Although data was successfully generated by RODIS, hardware, especially the vision systems, must be upgraded to meet the quality requirements that would allow Telstar to eliminate the manual inspection. For processing the high-resolution images, the network and computational devices also must be improved. In addition, automating the integration of the split images for quality inspection will be also challenging. The method currently under consideration is as follows: (1) merging images with the heuristic method, (2) improving the quality by comparing the merged image with the CAD drawing, (3) making a reference model, and (4) automating the merging process based on the comparison with the reference model. However, the development of the automation process must be researched and experimented with based on the existing literature. Regarding object detection, FPN is considered the most effective feature extraction model because the holes are relatively small in comparison to the whole image. However, there are no significant differences among ResNet-50-FPN, ResNet-101-FPN, and ResNeXT-101-FPN. Based on the accumulated data generated by RODIS, further studies must be conducted to more precisely compare the performance of these three models. However, the other backbone networks (C4, DC5) are not considered to be efficient for extracting features for the side-outer.

7. Conclusions

This paper presents RODIS to perform defect inspection of large objects, such as side-outers. We introduced the RODIS framework, hardware layout, and compositions, and described the trial and error experienced in the actual site deployment.

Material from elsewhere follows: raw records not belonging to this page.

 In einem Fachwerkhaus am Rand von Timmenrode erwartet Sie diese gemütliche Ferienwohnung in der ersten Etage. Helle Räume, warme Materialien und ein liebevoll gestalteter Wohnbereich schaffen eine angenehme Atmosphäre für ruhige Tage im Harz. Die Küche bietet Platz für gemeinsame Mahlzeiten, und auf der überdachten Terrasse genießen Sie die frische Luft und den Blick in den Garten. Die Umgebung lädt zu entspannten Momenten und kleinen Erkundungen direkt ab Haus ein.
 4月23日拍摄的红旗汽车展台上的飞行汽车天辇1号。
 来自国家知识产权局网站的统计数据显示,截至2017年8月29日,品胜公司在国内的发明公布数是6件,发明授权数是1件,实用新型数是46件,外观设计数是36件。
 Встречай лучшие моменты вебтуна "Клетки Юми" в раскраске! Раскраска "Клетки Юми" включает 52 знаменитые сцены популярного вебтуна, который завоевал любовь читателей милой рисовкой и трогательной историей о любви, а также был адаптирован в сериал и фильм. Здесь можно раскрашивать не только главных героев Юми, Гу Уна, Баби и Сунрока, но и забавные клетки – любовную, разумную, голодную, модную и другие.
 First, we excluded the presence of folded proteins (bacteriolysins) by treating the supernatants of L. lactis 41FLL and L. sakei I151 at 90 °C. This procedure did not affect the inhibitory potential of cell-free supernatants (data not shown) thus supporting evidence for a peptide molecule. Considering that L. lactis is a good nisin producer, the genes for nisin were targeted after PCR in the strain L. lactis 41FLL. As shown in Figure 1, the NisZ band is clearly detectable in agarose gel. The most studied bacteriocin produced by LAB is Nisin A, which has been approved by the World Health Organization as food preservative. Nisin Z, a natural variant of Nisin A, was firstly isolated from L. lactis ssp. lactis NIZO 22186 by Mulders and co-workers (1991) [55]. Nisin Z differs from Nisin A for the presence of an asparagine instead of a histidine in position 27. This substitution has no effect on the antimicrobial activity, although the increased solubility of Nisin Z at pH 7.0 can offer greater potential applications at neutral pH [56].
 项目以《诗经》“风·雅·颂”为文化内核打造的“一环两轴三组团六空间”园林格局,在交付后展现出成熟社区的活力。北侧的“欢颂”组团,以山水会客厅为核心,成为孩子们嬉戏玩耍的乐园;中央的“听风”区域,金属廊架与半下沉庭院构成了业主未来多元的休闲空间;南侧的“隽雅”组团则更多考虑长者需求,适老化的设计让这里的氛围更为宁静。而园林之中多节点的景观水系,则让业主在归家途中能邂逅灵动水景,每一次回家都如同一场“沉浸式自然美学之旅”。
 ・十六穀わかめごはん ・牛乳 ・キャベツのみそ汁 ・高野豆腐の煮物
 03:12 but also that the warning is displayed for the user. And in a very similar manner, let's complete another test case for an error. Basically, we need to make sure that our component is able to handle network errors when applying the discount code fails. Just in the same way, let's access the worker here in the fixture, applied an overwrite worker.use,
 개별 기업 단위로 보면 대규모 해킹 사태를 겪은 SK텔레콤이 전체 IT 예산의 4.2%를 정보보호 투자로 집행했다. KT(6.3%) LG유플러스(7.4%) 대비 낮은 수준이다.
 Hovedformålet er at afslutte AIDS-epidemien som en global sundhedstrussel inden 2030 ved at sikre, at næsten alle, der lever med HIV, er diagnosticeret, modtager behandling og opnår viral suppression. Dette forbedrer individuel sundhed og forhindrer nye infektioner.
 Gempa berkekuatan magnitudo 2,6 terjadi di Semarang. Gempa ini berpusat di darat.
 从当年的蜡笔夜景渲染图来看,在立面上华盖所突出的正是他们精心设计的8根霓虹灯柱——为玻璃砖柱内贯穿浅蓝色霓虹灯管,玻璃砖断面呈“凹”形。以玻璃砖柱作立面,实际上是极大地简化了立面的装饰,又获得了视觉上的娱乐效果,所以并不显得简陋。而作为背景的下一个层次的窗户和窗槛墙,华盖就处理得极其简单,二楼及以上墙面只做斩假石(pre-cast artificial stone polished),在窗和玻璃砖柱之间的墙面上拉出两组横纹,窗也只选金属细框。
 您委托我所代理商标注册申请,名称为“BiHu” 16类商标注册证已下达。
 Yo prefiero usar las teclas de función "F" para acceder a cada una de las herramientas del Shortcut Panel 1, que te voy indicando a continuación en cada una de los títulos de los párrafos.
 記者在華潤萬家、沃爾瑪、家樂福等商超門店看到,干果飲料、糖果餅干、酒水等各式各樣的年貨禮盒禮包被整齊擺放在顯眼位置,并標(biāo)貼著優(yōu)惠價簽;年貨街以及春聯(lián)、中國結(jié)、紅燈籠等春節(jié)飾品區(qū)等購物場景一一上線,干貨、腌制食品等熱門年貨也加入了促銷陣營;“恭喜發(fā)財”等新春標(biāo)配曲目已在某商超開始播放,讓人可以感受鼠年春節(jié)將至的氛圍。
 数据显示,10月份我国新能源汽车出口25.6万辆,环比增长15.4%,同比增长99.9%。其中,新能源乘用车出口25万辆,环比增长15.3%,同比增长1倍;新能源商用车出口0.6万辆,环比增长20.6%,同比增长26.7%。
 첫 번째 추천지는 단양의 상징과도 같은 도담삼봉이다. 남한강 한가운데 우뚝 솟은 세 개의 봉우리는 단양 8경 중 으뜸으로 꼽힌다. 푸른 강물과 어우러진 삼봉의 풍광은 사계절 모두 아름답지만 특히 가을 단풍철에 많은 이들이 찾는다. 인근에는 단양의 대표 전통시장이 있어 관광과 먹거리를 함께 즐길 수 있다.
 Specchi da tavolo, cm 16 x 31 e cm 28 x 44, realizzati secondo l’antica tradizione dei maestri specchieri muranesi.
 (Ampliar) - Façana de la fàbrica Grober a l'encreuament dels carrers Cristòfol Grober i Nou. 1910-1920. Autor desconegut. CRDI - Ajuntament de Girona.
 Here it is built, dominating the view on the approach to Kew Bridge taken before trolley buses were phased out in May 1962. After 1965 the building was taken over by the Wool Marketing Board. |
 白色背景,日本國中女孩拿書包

In particular, the lack of FoVs that resulted from the inappropriate combination of camera shutter types and lenses, and the image noise that occurs when multiple cameras are operated simultaneously, should be considered during similar research tasks. In this paper, the optimal algorithms were explored by reviewing and implementing various object-detection models. Based on the dataset provided by Telstar, we compared various backbone networks based on the Mask R-CNN. The Resnet-50-FPN-based model showed the highest Average Precision (AP), representing good object-detection performance. Following the completion of the installation and prior research on various backbone networks, further research and development on RODIS has become possible. Future research subjects for RODIS are as follows: (1) extraction of geometric data using R-CNN; (2) digital comparison of extracted geometric data with a 3D CAD model for defect inspection; and (3) performance improvement by comparing the inspection result from RODIS with the result of inspections conducted manually by operators.

Author Contributions

The contribution of each author is as follows. Conceptualization: D.I. and J.J.; Methodologies: D.I. is the major contributor to the framework of RODIS; D.I. is the major contributor to the implementation of RODIS on-site; AI Training: D.I.; Writing—original draft preparation: D.I.; Writing—review and editing: D.I., J.J. All authors have read and agreed to the published version of the manuscript.

Funding

This research was supported by the AI-based high value-added new product technology development R&D Program S2924501 funded by Ministry of SMEs and Startups (MSS, Korea).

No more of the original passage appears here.